▸ **How to complete this task**:
The reply should hold every line of the data below, unchanged, and none of the pictures.

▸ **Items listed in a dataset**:

------------------------------

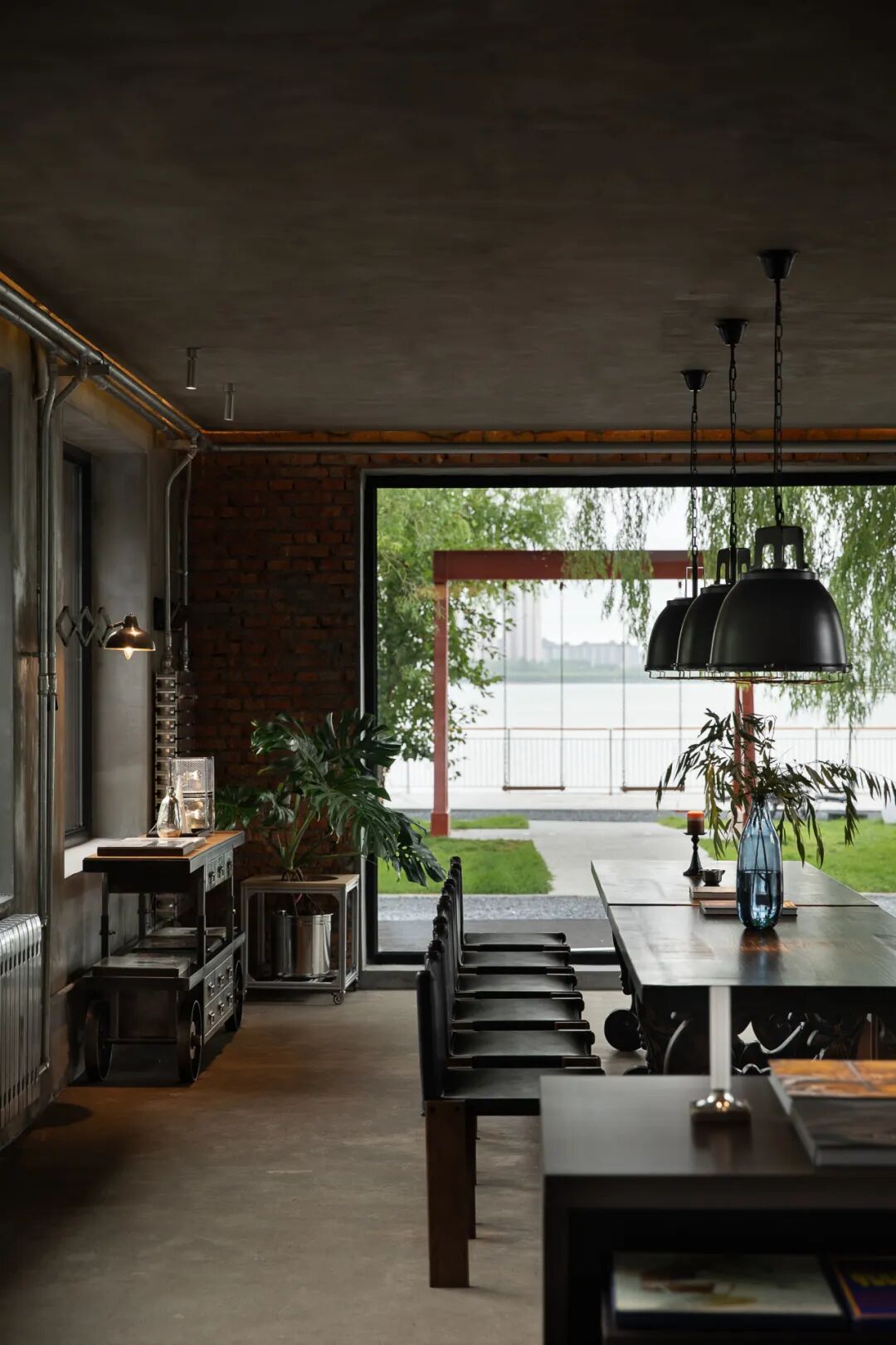 建筑在不破坏原始结构的情况下最大化开窗营造通透的空间体验,将自然光线与外部绿意引入室内。原有的红砖墙面作为历史肌理被完整保留,呈现出真实的质感基底。软装以工业风为核心,营造多层次的打卡氛围。来到这里的人可在此自由探索、互动与拍摄,在工业基调与自然景观的交融中,自定义属于个人的空间体验与记忆瞬间。
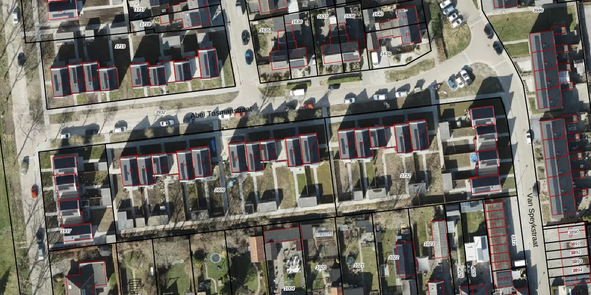 Het perceel waarop Abel Tasmanstraat 14 staat heeft een oppervlakte van 2500 m². Dit is een zeer groot perceel. De perceeloppervlakte wordt geregistreerd door het Kadaster. Gedetailleerde informatie over de maten van dit perceel kunt u vinden in het rapport Kadastrale kaart met maatvoering van Abel Tasmanstraat 14.
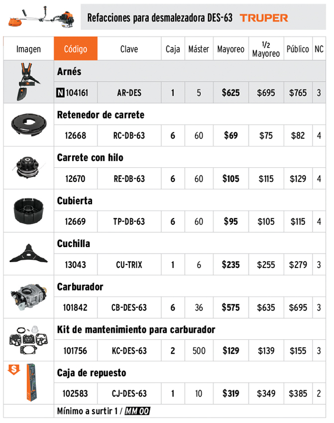 Carburador para desmalezadora a gasolina DES-63, TRUPER
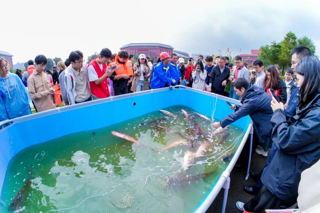为强化劳动教育,今年捕鱼节开放了100个劳动实践名额。“名额刚放出来,就被一抢而空了”。新鲜捕捞的“校庆鱼”,由现场参加劳动实践的同学们第一时间运送到校区餐厅加工,阳明湖边开展了一堂寓教于乐的劳动实践教育课。活动现场,海洋学院开展“渔乐小苑”科普展览,带同学们走近海洋、了解海洋,增强海洋生态保护意识。
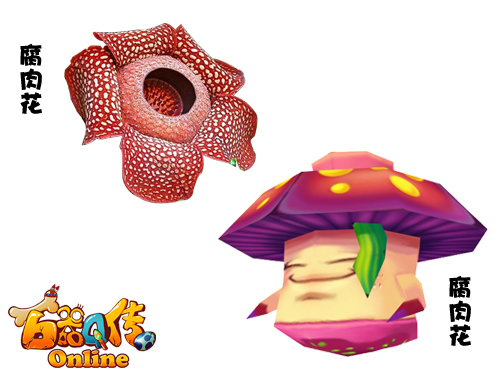童颜巨变,艳丽无双,老祖先是朵花,而我现在已经像个蘑菇啦~ 史前腐肉花VS石器腐肉花 腐肉花号称尸王花魁,整天带着花蘑菇帽子在赞菲尔沼泽晃悠,不时散发着腐肉的味道,似乎在警告大家“我可是有毒的,不怕死的你就吃吃看!”不过它们也是外强中干的突出代表,貌似强大的绚丽外表下是脆弱易碎的身躯,如果你已经成长为骁勇善战的小野人,那腐肉花对你来说简直是不堪一击,它只有跪在地上唱征服的份啦。 宠宠格言:再看我,再看我就把你吃掉! 出没地点:赞菲尔沼泽 外观相似度:★★
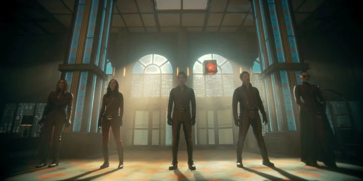 Netflix ha publicado trece imágenes que adelantan la tercera temporada de The Umbrella Academy, con tomas de varios episodios. Además de las imágenes que recrean el cliffhanger del final de la segunda temporada y que muestran a los hermanos Hargreeves en el nuevo presente, Netflix también ha compartido imágenes de la Academia Sparrow contraria. Esto incluye vistazos a Ben, Marcus (Justin Cornwell), Fei (Britne Oldford), Alphonso (Jake Epstein), Sloane (Genesis Rodriguez) y Jayme Hargreeves (Cazzie David) con sus uniformes de la Academia Sparrow, así como más tomas individuales del equipo. La serie de imágenes también incluye imágenes de Reginald, de su compañera con superpoderes Lila Pitts (Ritu Arya) y del personaje de la estrella de Euphoria, Javon Walton, actualmente desconocido. Mira las trece imágenes a continuación.
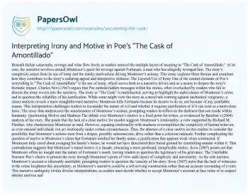 Interpreting Irony and Motive in Poe’s “The Cask of Amontillado”. (2021, Jun 26). Retrieved from https://hub.papersowl.com/examples/uncovering-the-cask/
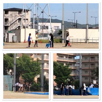 明日のスポーツテストに向けて、ソフトボール投げや50メートル走、立ち幅跳びの準備を先生方がしています。
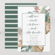 Den tropiska blommans utformning "Allt vi behöver är kärlek och stranden" sparar datumen för ditt bröllop. Söt tropiska löv och paradisblommans fågel som är tryckt i ett avslappnad- och blocktypsnitt. Anpassa med namn, datum och plats för bröllop. Spara datumet till en grönt och ett vitt rand på baksidan.
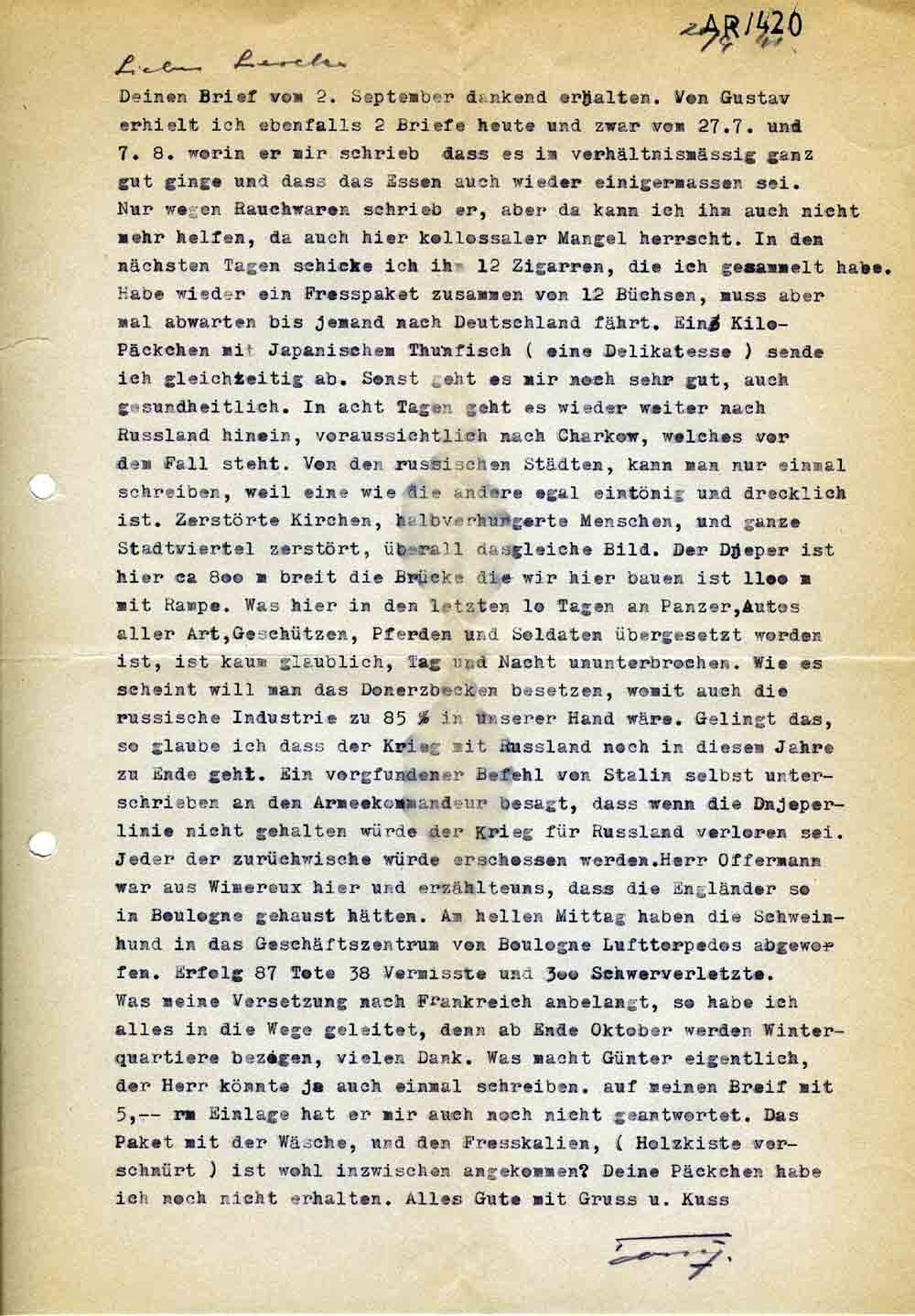 Deinen Brief vom 2. September dankend erhalten. Von Gustav erhielt ich ebenfalls 2 Briefe heute und zwar vom 27.7. und 7.8. worin er mir schrieb dass es im verhältnismässig ganz gut ginge und dass das Essen auch wieder einigermassen sei. Nur wegen Rauchwaren schrieb er, aber da kann ich ihm auch nicht mehr helfen, da auch hier kollossaler Mangel herrscht. In den nächsten Tagen schicke ich ihm 12 Zigarren, die ich gesammelt habe. Habe wieder ein Fresspaket zusammen von 12 Büchsen, muss aber mal abwarten bis jemand nach Deutschland fährt. Ein Kilo-Päckchen mit Japanischem Thunfisch (eine Delikatesse) sende ich gleichzeitig ab. Sonst geht es mir noch sehr gut, auch gesundheitlich. In acht Tagen geht es wieder weiter nach Russland hinein, voraussichtlich nach Charkow, welches vor dem Fall steht. Von den russischen Städten, kann man nur einmal schreiben, weil eine wie die andere egal eintönig und drecklich ist. Zerstörte Kirchen, halbverhungerte Menschen, und ganze Stadtviertel zerstört, überall das gleiche Bild. Der Dnjeper ist hier ca 800 m breit die Brücke die wir hier bauen ist 1100 m mit Rampe. Was hier in den letzten 10 Tagen an Panzer, Autos aller Art, Geschützen, Pferden und Soldaten übersetzt worden ist, ist kaum glaublich, Tag und Nacht ununterbrochen. Wie es scheint will man das Donerzbecken besetzen, womit auch die russische Industrie zu 85 % in unserer Hand wäre. Gelingt das, so glaube ich dass der Krieg mit Russland noch in diesem Jahre zu Ende geht. Ein vorgefundener Befehl von Stalin selbst unterschrieben an den Armeekommandeur besagt, dass wenn die Dnjeperlinie nicht gehalten würde der Krieg für Russland verloren sei. Jeder der zurückwische würde erschossen werden. Herr Offermann war aus Wimereux hier und erzählte uns, dass die Engländer so in Boulogne gehaust hätten. Am hellen Mittag haben die Schweinhund in das Geschäftszentrum von Boulogne Lufttorpedos abgeworfen. Erfolg 87 Tote 38 Vermisste und 300 Schwerverletzte.
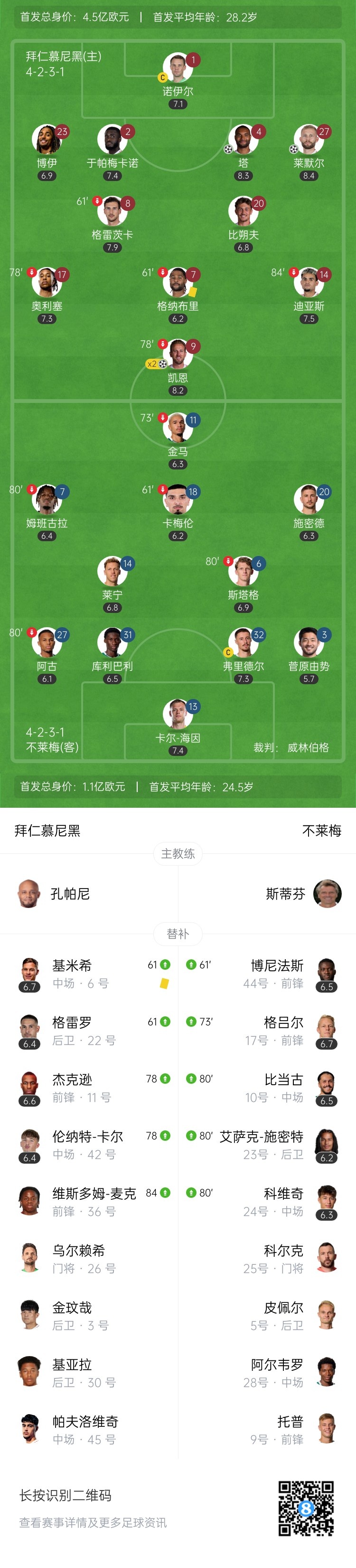 第45分钟,凯恩突破禁区内倒地,主裁判罚点球,凯恩亲自主罚命中,拜仁2-0领先↓

------------------------------

▸ **Answer for the task**:
 建筑在不破坏原始结构的情况下最大化开窗营造通透的空间体验,将自然光线与外部绿意引入室内。原有的红砖墙面作为历史肌理被完整保留,呈现出真实的质感基底。软装以工业风为核心,营造多层次的打卡氛围。来到这里的人可在此自由探索、互动与拍摄,在工业基调与自然景观的交融中,自定义属于个人的空间体验与记忆瞬间。
 Het perceel waarop Abel Tasmanstraat 14 staat heeft een oppervlakte van 2500 m². Dit is een zeer groot perceel. De perceeloppervlakte wordt geregistreerd door het Kadaster. Gedetailleerde informatie over de maten van dit perceel kunt u vinden in het rapport Kadastrale kaart met maatvoering van Abel Tasmanstraat 14.
 Carburador para desmalezadora a gasolina DES-63, TRUPER
为强化劳动教育,今年捕鱼节开放了100个劳动实践名额。“名额刚放出来,就被一抢而空了”。新鲜捕捞的“校庆鱼”,由现场参加劳动实践的同学们第一时间运送到校区餐厅加工,阳明湖边开展了一堂寓教于乐的劳动实践教育课。活动现场,海洋学院开展“渔乐小苑”科普展览,带同学们走近海洋、了解海洋,增强海洋生态保护意识。
童颜巨变,艳丽无双,老祖先是朵花,而我现在已经像个蘑菇啦~ 史前腐肉花VS石器腐肉花 腐肉花号称尸王花魁,整天带着花蘑菇帽子在赞菲尔沼泽晃悠,不时散发着腐肉的味道,似乎在警告大家“我可是有毒的,不怕死的你就吃吃看!”不过它们也是外强中干的突出代表,貌似强大的绚丽外表下是脆弱易碎的身躯,如果你已经成长为骁勇善战的小野人,那腐肉花对你来说简直是不堪一击,它只有跪在地上唱征服的份啦。 宠宠格言:再看我,再看我就把你吃掉! 出没地点:赞菲尔沼泽 外观相似度:★★
 Netflix ha publicado trece imágenes que adelantan la tercera temporada de The Umbrella Academy, con tomas de varios episodios. Además de las imágenes que recrean el cliffhanger del final de la segunda temporada y que muestran a los hermanos Hargreeves en el nuevo presente, Netflix también ha compartido imágenes de la Academia Sparrow contraria. Esto incluye vistazos a Ben, Marcus (Justin Cornwell), Fei (Britne Oldford), Alphonso (Jake Epstein), Sloane (Genesis Rodriguez) y Jayme Hargreeves (Cazzie David) con sus uniformes de la Academia Sparrow, así como más tomas individuales del equipo. La serie de imágenes también incluye imágenes de Reginald, de su compañera con superpoderes Lila Pitts (Ritu Arya) y del personaje de la estrella de Euphoria, Javon Walton, actualmente desconocido. Mira las trece imágenes a continuación.
 Interpreting Irony and Motive in Poe’s “The Cask of Amontillado”. (2021, Jun 26). Retrieved from https://hub.papersowl.com/examples/uncovering-the-cask/
 明日のスポーツテストに向けて、ソフトボール投げや50メートル走、立ち幅跳びの準備を先生方がしています。
 Den tropiska blommans utformning "Allt vi behöver är kärlek och stranden" sparar datumen för ditt bröllop. Söt tropiska löv och paradisblommans fågel som är tryckt i ett avslappnad- och blocktypsnitt. Anpassa med namn, datum och plats för bröllop. Spara datumet till en grönt och ett vitt rand på baksidan.
 Deinen Brief vom 2. September dankend erhalten. Von Gustav erhielt ich ebenfalls 2 Briefe heute und zwar vom 27.7. und 7.8. worin er mir schrieb dass es im verhältnismässig ganz gut ginge und dass das Essen auch wieder einigermassen sei. Nur wegen Rauchwaren schrieb er, aber da kann ich ihm auch nicht mehr helfen, da auch hier kollossaler Mangel herrscht. In den nächsten Tagen schicke ich ihm 12 Zigarren, die ich gesammelt habe. Habe wieder ein Fresspaket zusammen von 12 Büchsen, muss aber mal abwarten bis jemand nach Deutschland fährt. Ein Kilo-Päckchen mit Japanischem Thunfisch (eine Delikatesse) sende ich gleichzeitig ab. Sonst geht es mir noch sehr gut, auch gesundheitlich. In acht Tagen geht es wieder weiter nach Russland hinein, voraussichtlich nach Charkow, welches vor dem Fall steht. Von den russischen Städten, kann man nur einmal schreiben, weil eine wie die andere egal eintönig und drecklich ist. Zerstörte Kirchen, halbverhungerte Menschen, und ganze Stadtviertel zerstört, überall das gleiche Bild. Der Dnjeper ist hier ca 800 m breit die Brücke die wir hier bauen ist 1100 m mit Rampe. Was hier in den letzten 10 Tagen an Panzer, Autos aller Art, Geschützen, Pferden und Soldaten übersetzt worden ist, ist kaum glaublich, Tag und Nacht ununterbrochen. Wie es scheint will man das Donerzbecken besetzen, womit auch die russische Industrie zu 85 % in unserer Hand wäre. Gelingt das, so glaube ich dass der Krieg mit Russland noch in diesem Jahre zu Ende geht. Ein vorgefundener Befehl von Stalin selbst unterschrieben an den Armeekommandeur besagt, dass wenn die Dnjeperlinie nicht gehalten würde der Krieg für Russland verloren sei. Jeder der zurückwische würde erschossen werden. Herr Offermann war aus Wimereux hier und erzählte uns, dass die Engländer so in Boulogne gehaust hätten. Am hellen Mittag haben die Schweinhund in das Geschäftszentrum von Boulogne Lufttorpedos abgeworfen. Erfolg 87 Tote 38 Vermisste und 300 Schwerverletzte.
 第45分钟,凯恩突破禁区内倒地,主裁判罚点球,凯恩亲自主罚命中,拜仁2-0领先↓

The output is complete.